Surface Area = 8*SA(Corner)_n + 12*SA(Edge)_n

SA_n = 8(SA_n-1 -3*8^n-1) + 12(SA_n-1 -2*8^n-1)

SA_n = 20SA_n-1 - 48*8^n-1

SA_n = 20SA_n-1 - 6*8ⁿ

Party on, Weierstrass. Part on, Gauss.

Now that we have a recurrence relation, we can find an equation for the surface area of a Menger Sponge of size n, or SA(n). Since this recurrence relation is a non-homogeneous relation, we need to find both the homogeneous solution and the particular solution (If you have not done any work with discrete mathematics, check out this slide show. What I am doing starts on slide 24. WARNING: Math Ahead. I'm realizing this is a little late for the warning...)

a_n = h_n + p_n

Let p_n be in the form of c*8ⁿ + d

p_n = 20p_n-1 - 6*8ⁿ

c*8ⁿ + d = 20(c*8^n-1 + d) - 6*8ⁿ

0 = 20c*8^n-1 - c*8ⁿ - 6*8ⁿ + 20d - d

0 = 8^n-1(20c - 8c - 6*6) + 19d

0 = 8^n-1(12c-48) + 19d

c = 4 and d = 0.

Therefore p_n = 4*8ⁿ

h_n = 20h_n-1

0 = x - 20

The characteristic equation is (x-20).

Therefore h_n = α20ⁿ

a_n = α20ⁿ + 4*8ⁿ

Since SA(0) = 6, we know that 6 = α20⁰ + 4*8⁰

6 = α + 4

α = 2

Therefore SA(n) = 2*20ⁿ + 4*8ⁿ

If you've never dealt with recurrence relations, this was probably your reaction...

Now that we know the number of cards and the surface area, we have a formula for the number of cards facing other cards. And since there is 1 attachment for every 2 cards facing each other, the number of attachment is 1/2 of the amount of cards minus the surface area.

# of Attachments = (Number of Cards - Surface Area)/2

Attachments = (6*20ⁿ - 2*20ⁿ - 4*8ⁿ)/2

Attachments = 2*20ⁿ - 2*8ⁿ

Finally, for a Menger Sponge of size n, we know (1) how many cubes we have to make, (2) how fast we can build the cubes, (3) how many attachments we need to make, and (4) how fast we can attach cubes.
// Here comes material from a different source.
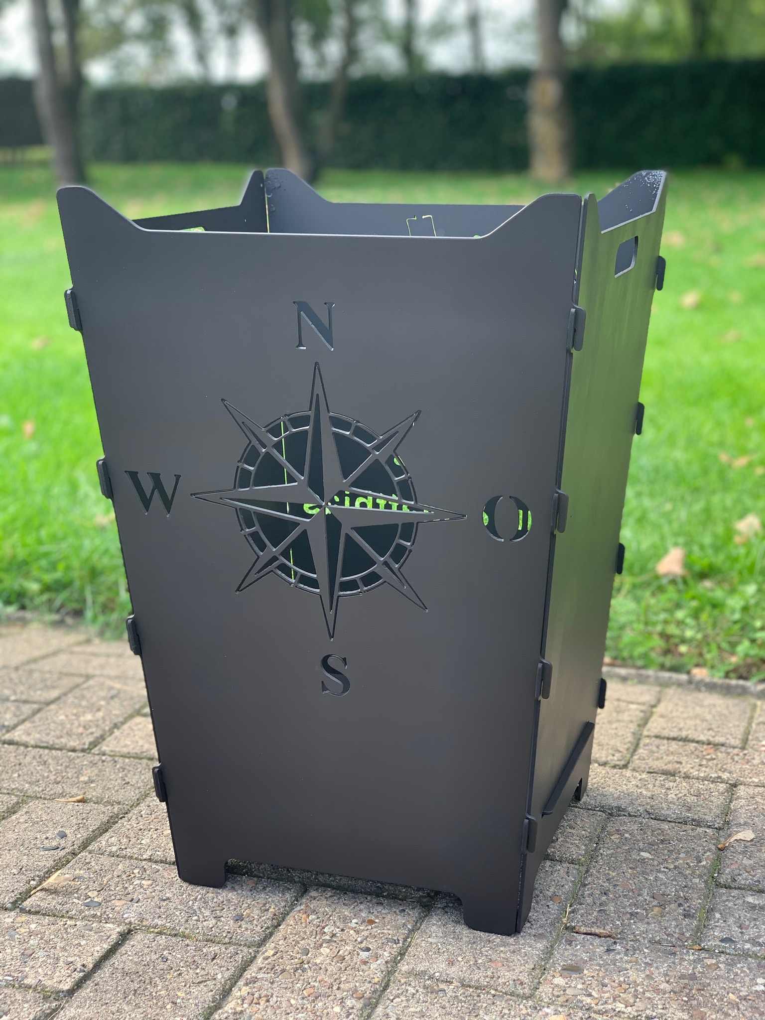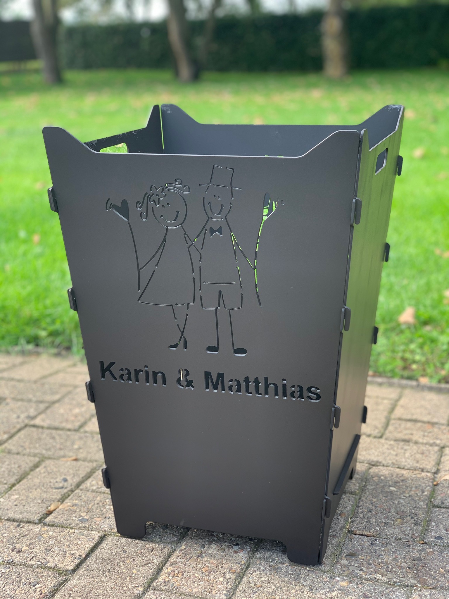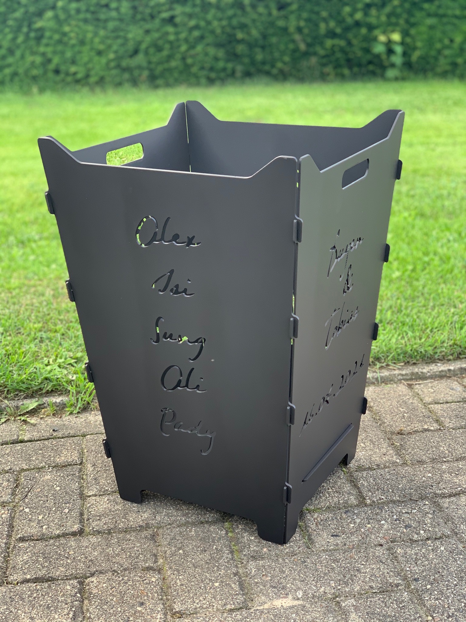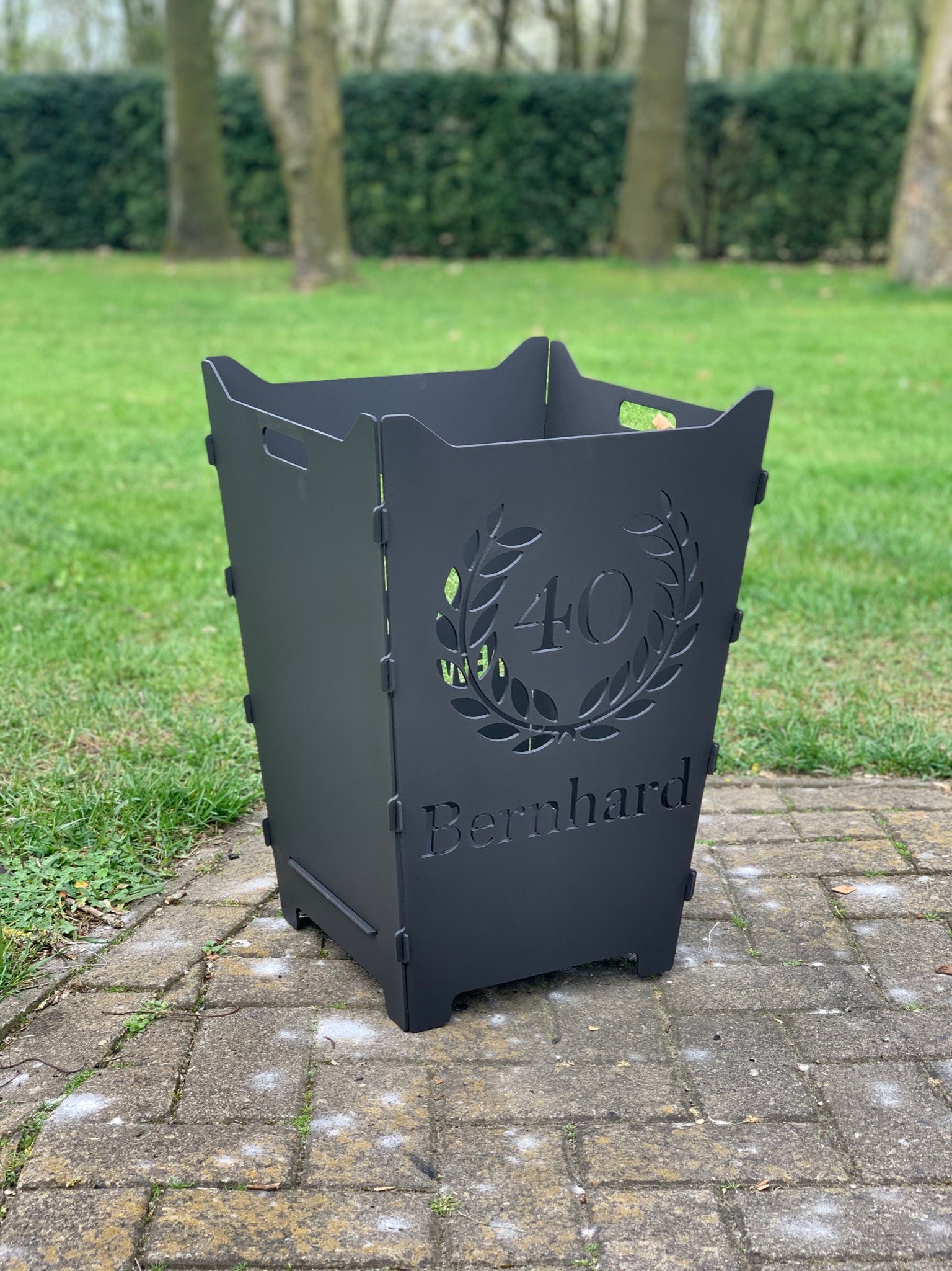 Hier findet ihr steckbare Feuerkörbe mit individuellen Logos, Schriften oder Grafiken.

Therefore the equation for the number of hours required to build a Menger Sponge of size n is

Hours = (# of Cubes)/(Cubes/Hours) + (# of Attachments)/(Attachments/Hour)

Hours = (20ⁿ)/80 + (2*20ⁿ - 2*8ⁿ)/360

And since the hourly wage is $10.00, we know the wages are

Wages = (20ⁿ)/8 + (2*20ⁿ - 2*8ⁿ)/36

Wages(n) = (13*20ⁿ - 4*8ⁿ)/72

And since all the expenses come from materials and production, we know that

E(n) = (Cost of Cards) + (Wages to Build)
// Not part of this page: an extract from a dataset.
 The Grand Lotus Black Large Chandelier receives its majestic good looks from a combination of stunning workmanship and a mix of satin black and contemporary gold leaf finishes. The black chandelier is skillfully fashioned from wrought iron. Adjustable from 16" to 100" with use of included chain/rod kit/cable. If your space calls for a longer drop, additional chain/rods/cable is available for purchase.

E(n) = (6*20ⁿ)/10 + (13*20ⁿ - 4*8ⁿ)/72

E(n) = (281*20ⁿ - 20*8ⁿ)/360 (in dollars)

Finally! We know the expenses, we know the weight, and knowing that gold costs about $20,000 per pound, we can compare our results. Below is a graph of E(n) (in green) and 20,000*W(n) (in, of course, gold). (For the following graphs, the x-axis represents the xth Menger Sponge, the y-axis represents dollars, and all of the graphs can be seen here).

Well, this cube definitely won't be worth it's weight in gold for small sizes, but maybe if we kept going for a while...

Nope! It looks like the expenses will never catch up to the amount of gold. In fact, looking at 20,000*W(n) - E(n) shows the graph (in red) below.

This gap is just going to keep going up and up. This cube will never cost it's weight in gold. But it could be worth it's weight in something else...

Let's look at how we graphed the equations. We graphed E(n), and we graphed the price of gold/lb multiplied by W(n). We want to know the material that costs x dollars/pounds such that
E(n) = x*W(n). So let's look at E(n)/W(n) (graphed below in blue).

This graph seems to level off around 30-35 dollars/lb.

I took a look at the price of various materials. Precious metals and minerals were all much higher than this. Common metals (like lead, aluminum, tin, copper, etc.) were all lower. Seafood and meat were all lower. But there was one material that cost around $35/lb.

Uranium.

So if you know anyone who wants to make a doomsday device powered by uranium, let them know that the money they spend on uranium could be spent on a pretty awesome arts and crafts project...

Good news everyone! I invented a machine that makes you read this caption in your head in my voice!